- Task statement -
In the records that follow, the lines from the one containing "جريدة صيدونيانيوز.نت /" to the one containing "Một khách hàng", inclusive, are to be given again exactly.

- Data to process -
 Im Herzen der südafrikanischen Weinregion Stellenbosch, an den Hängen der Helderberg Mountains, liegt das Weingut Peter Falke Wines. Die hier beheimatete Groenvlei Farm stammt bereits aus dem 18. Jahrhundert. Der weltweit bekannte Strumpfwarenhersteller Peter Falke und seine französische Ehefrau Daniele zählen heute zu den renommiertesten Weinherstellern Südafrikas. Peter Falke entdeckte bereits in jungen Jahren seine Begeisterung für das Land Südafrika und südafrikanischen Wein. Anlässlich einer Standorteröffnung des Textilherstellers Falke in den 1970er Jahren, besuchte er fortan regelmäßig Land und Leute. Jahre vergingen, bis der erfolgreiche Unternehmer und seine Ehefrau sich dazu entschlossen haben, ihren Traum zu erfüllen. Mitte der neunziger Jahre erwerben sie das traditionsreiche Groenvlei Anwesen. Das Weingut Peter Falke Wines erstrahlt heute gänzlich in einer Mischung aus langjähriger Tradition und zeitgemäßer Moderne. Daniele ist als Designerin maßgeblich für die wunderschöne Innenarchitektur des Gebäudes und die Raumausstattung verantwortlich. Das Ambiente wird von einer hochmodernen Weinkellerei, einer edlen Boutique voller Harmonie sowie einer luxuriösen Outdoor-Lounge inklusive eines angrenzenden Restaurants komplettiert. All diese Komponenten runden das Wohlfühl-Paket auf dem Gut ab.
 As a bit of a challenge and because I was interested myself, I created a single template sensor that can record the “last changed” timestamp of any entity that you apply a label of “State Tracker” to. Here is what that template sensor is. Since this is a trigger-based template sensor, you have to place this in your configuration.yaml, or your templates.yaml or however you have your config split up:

---

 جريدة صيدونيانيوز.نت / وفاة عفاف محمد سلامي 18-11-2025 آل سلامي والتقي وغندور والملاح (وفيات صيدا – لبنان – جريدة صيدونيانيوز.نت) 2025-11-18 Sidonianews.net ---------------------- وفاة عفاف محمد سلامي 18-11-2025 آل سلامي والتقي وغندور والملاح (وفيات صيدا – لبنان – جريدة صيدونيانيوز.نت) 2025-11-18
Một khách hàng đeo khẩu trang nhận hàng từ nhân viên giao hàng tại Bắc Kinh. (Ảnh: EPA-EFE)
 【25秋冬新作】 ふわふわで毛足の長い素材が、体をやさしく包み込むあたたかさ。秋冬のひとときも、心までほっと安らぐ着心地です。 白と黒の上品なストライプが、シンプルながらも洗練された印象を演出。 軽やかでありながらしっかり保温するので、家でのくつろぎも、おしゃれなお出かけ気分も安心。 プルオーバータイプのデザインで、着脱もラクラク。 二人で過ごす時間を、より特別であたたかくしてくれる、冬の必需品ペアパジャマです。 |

- Exercise output -
 جريدة صيدونيانيوز.نت / وفاة عفاف محمد سلامي 18-11-2025 آل سلامي والتقي وغندور والملاح (وفيات صيدا – لبنان – جريدة صيدونيانيوز.نت) 2025-11-18 Sidonianews.net ---------------------- وفاة عفاف محمد سلامي 18-11-2025 آل سلامي والتقي وغندور والملاح (وفيات صيدا – لبنان – جريدة صيدونيانيوز.نت) 2025-11-18
Một khách hàng đeo khẩu trang nhận hàng từ nhân viên giao hàng tại Bắc Kinh. (Ảnh: EPA-EFE)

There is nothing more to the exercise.